Download the sherpa-onnx
Repository
git clone https://github.com/k2-fsa/sherpa-onnx.git
Install Dependencies
pip install numpy
pip install websockets
Install the sherpa-onnx
Package
pip install sherpa-onnx
If GPU support is required, install the CUDA-enabled package:
pip install sherpa-onnx==1.10.16+cuda -f https://k2-fsa.github.io/sherpa/onnx/cuda.html
# For users in China
# pip install sherpa-onnx==1.10.16+cuda -f https://k2-fsa.github.io/sherpa/onnx/cuda-cn.html
If the package is unavailable or installation fails, build and install from the source:
cd sherpa-onnx
export SHERPA_ONNX_CMAKE_ARGS="-DSHERPA_ONNX_ENABLE_GPU=ON"
python3 setup.py install
If a GPU is available but CUDA
is not installed, refer to the installation guide here
Verify the Installation of sherpa-onnx
python3 -c "import sherpa_onnx; print(sherpa_onnx.__version__)"
# Expected output:
# sherpa-onnx or 1.10.16+cuda
Download the Model
Note:
For Chinese recognition, it is recommended to use thesherpa-onnx-streaming-zipformer-bilingual-zh-en-2023-02-20-mobile
modelFor English recognition, it is recommended to use the
sherpa-onnx-streaming-paraformer-trilingual-zh-cantonese-en
model
Run the Server
sherpa-onnx
provides a server example, so there's no need to write additional code. Follow these steps to start the server.
Run the zipformer
Model
cd sherpa-onnx
export MODEL_PATH="sherpa-onnx-streaming-zipformer-bilingual-zh-en-2023-02-20"

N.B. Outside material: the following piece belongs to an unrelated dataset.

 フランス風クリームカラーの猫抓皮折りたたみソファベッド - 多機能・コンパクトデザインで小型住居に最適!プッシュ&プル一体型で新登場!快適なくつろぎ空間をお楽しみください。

python3 ./python-api-examples/streaming_server.py \
--encoder ./${MODEL_PATH}/encoder-epoch-99-avg-1.onnx \
--decoder ./${MODEL_PATH}/decoder-epoch-99-avg-1.onnx \
--joiner ./${MODEL_PATH}/joiner-epoch-99-avg-1.onnx \
--tokens ./${MODEL_PATH}/tokens.txt \
--provider "cuda"
Run the paraformer
Model
cd sherpa-onnx
export MODEL_PATH="sherpa-onnx-streaming-paraformer-trilingual-zh-cantonese-en"

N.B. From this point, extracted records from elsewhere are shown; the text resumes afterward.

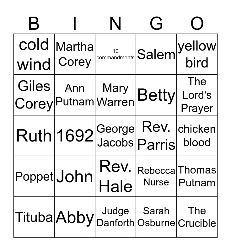 This bingo card has a free space and 24 words: John, Abby, Mary Warren, Tituba, yellow bird, cold wind, Giles Corey, Martha Corey, Rev. Parris, Rev. Hale, Betty, Ruth, Rebecca Nurse, Thomas Putnam, Ann Putnam, Sarah Osburne, chicken blood, 10 commandments, The Lord's Prayer, 1692, The Crucible, Poppet, Salem and Judge Danforth.
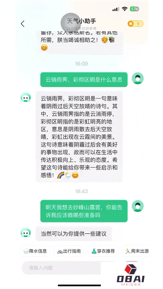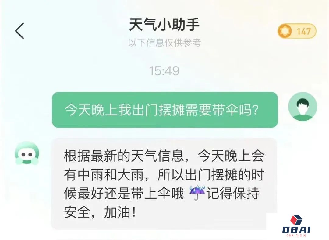 比如说,即将到来的周末,当家人们想外出郊游的时候,可以问询天气小助手关于外出郊游的一些准备工作,小助手会以露营专家的身份直接将答案告诉你,保障你的出行各方面的安全。
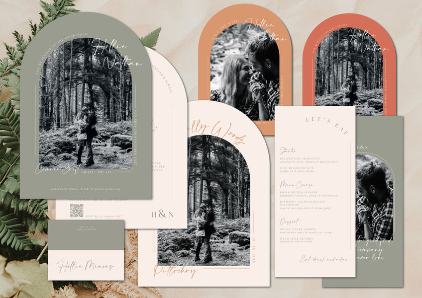 Our 'Forever' Collection brings together rustic charm and timeless elegance with a clean, minimal design. Delicate script fonts and softly curved cardstock edges create a graceful, romantic feel, while the option to include your own photos adds a truly personal touch.
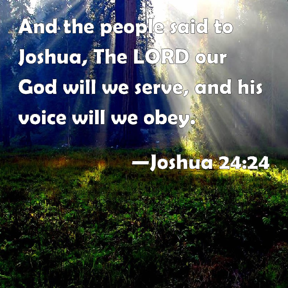Choose a Background Joshua 24:24 And the people said to Joshua, The LORD our God will we serve, and his voice will we obey. KJV: And the people said unto Joshua, The LORD our God will we serve, and his voice will we obey. DRB: And the people said to Josue: We will serve the Lord our God, and we will be obedient to his commandments. DBT: And the people said unto Joshua, Jehovah our God will we serve, and to his voice will we hearken. ERV: And the people said unto Joshua, The LORD our God will we serve, and unto his voice will we hearken. WBT: And the people said to Joshua, The LORD our God will we serve, and his voice will we obey. WEB: The people said to Joshua, "We will serve Yahweh our God, and we will listen to his voice." YLT: And the people say unto Joshua, 'Jehovah our God we serve, and to His voice we hearken.'Links Joshua 24:24 NIV • Joshua 24:24 NLT • Joshua 24:24 ESV • Joshua 24:24 NASB • Joshua 24:24 KJV • Joshua 24:24 Interlinear • Joshua 24:24 Commentaries • Joshua 24:24 Parallel Texts • Joshua 24:24 Bible Apps • Joshua 24:24 Parallel • Bible Hub |
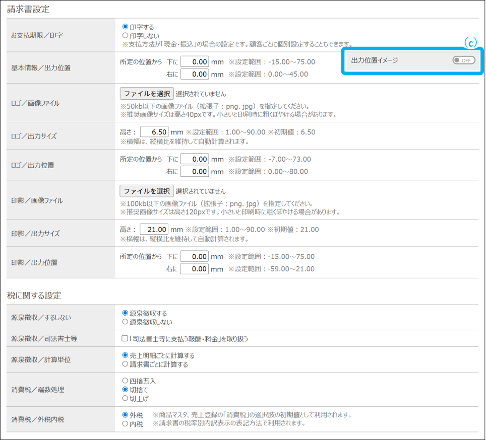 請求書作成時の出力位置のイメージを表示できます。
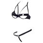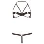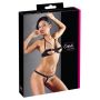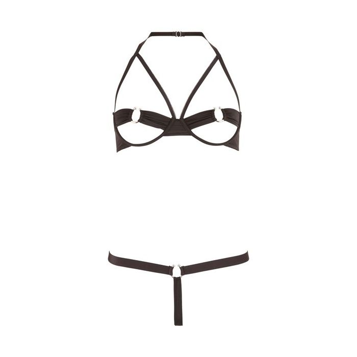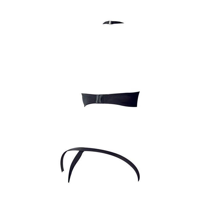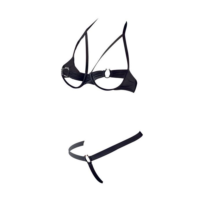 Deze minimalistische set laat weinig aan de fantasie te over. Deze set van Cottelli Collection bestaat uit een halter bh en een string gemaakt van zachte, elastische stof. De beugel bh heeft open cups met geplisseerde stof over het midden van de borsten. In het midden zijn metalen ringen voor om de tepels aangebracht. De bh heeft een handige haaksluiting op de rug en een clip in de nek. De sexy string heeft een elastische tailleband met een metalen ring in het midden. De string is een waar genot voor het oog want het kruis wordt alleen bedekt met een smal strookje stof. Je partner zal zijn handen niet van je af kunnen houden wanneer hij je in deze set ziet!
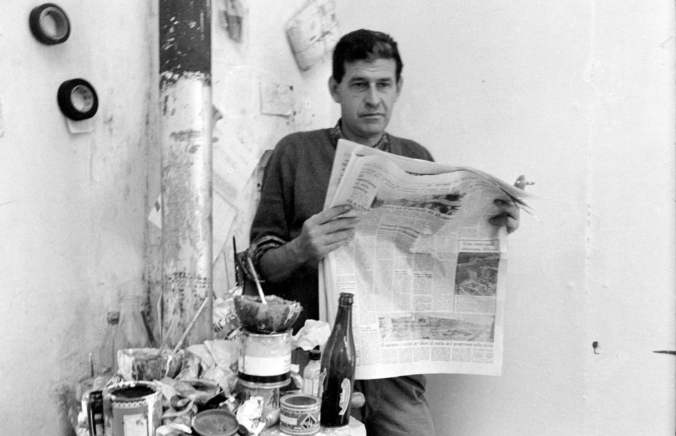 Black and white photograph of a white man holding an open broadsheet newspaper, standing before a cluttered paint-covered work table in what appears to be an artist's studio
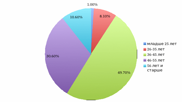 Рисунок 6 – Распределение опрошенных клиентов сети магазинов «ИнтерьерПол ДВ» по возрасту
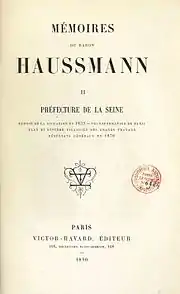 20. Baron Haussmann, Mémoires(trois tomes publiés en 1890 et 1893 ; nouvelle édition établie par Françoise Choay, Seuil, 2000). Voir aussi l'exemplaire de Gallica.
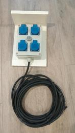 Klein werfkastje of verdeelblokje met 4 stopcontacten en 10 meter soepele kabel 2.5 Mm2, super handig voor de bijdehandse harry op houten plaat en haakjes om op te hangen tegen de muur
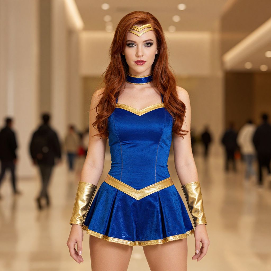 "Wondergirl Cosplay Fancy Dress, woman in a blue and gold costume standing in a hall"
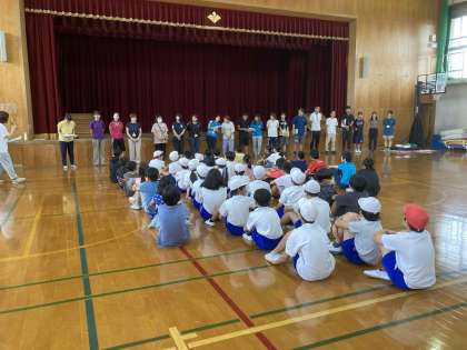今年度の部活動がいよいよスタートします。今年は、タグラグビー・サッカー・卓球・バレーボール・和太鼓の5つの部があり、開講式では、それぞれの部で頑張って活動していくことを確認しました。
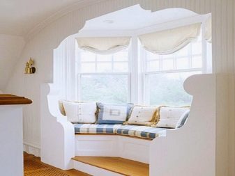تصبح نوافذ الخليج في كثير من الأحيان المكان الأكثر رومانسية في المنزل ، حيث يسهل التقاعد والابتعاد عن الوجود الدائم لأشخاص آخرين. يُنصح ليس فقط بوضع أريكة صغيرة في عنصر دائري ، ولكن أيضًا منضدة قهوة ، تكملها العديد من الكراسي المريحة. بغض النظر عما إذا كانت ستكون هناك نافذة كبيرة أم لا ، فأنت بحاجة إلى تحديد كيفية الحصول على أرضية من نوع العلية.
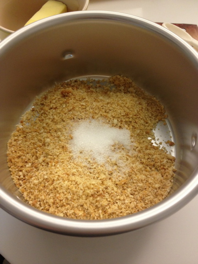 奇福餅乾裝在厚的塑膠袋中,用橄麵棍來回滾壓,壓的越碎越好,再加入細砂糖混合均勻

python3 ./python-api-examples/streaming_server.py \
--paraformer-encoder ./${MODEL_PATH}/encoder.onnx \
--paraformer-decoder ./${MODEL_PATH}/decoder.onnx \
--tokens ./${MODEL_PATH}/tokens.txt \
--provider "cuda"
Example Log Output
2024-12-23 09:25:17,557 INFO [streaming_server.py:667] No certificate provided
2024-12-23 09:25:17,561 INFO [server.py:715] server listening on [::]:6006
2024-12-23 09:25:17,561 INFO [server.py:715] server listening on 0.0.0.0:6006
2024-12-23 09:25:17,561 INFO [streaming_server.py:693] Please visit one of the following addresses:
http://localhost:6006
Since you are not providing a certificate, you cannot use your microphone from within the browser using public IP addresses. Only localhost can be used.You also cannot use 0.0.0.0 or 127.0.0.1
At this point, the ASR model server is up and running.

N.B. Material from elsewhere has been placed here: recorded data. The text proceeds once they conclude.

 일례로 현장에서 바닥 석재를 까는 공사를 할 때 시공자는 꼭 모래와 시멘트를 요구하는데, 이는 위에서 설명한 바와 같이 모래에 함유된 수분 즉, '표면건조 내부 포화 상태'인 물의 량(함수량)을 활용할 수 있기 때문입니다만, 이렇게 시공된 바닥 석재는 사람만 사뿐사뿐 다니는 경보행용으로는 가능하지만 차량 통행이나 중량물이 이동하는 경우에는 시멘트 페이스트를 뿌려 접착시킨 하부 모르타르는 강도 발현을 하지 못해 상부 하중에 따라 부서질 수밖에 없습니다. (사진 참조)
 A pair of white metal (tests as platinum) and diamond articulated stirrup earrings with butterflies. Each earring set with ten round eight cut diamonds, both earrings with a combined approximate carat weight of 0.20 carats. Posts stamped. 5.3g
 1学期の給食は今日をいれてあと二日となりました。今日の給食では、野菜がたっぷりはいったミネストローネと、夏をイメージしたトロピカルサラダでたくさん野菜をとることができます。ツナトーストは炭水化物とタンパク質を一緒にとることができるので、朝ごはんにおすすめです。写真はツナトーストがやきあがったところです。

Communication Between MaixCAM
and the Server
For brevity, example client code is provided via the following links. Note that most cases require audio data with a sampling rate of 16000Hz and a single channel:
MaixCAMMaixCAM
Streaming Recognition
MaixCAM
Non-Streaming Recognition
# Update server address
SERVER_ADDR = "127.0.0.1"
SERVER_PORT = 6006
After updating the server address and port, use maixvision to run the client. If using the streaming recognition script, try interacting with MaixCAM.
Note: This document does not elaborate on the communication protocol because it is straightforward—essentially raw data exchange via WebSocket. It is recommended to first experience the setup and then delve into the code for further details.
The deployment process is now complete.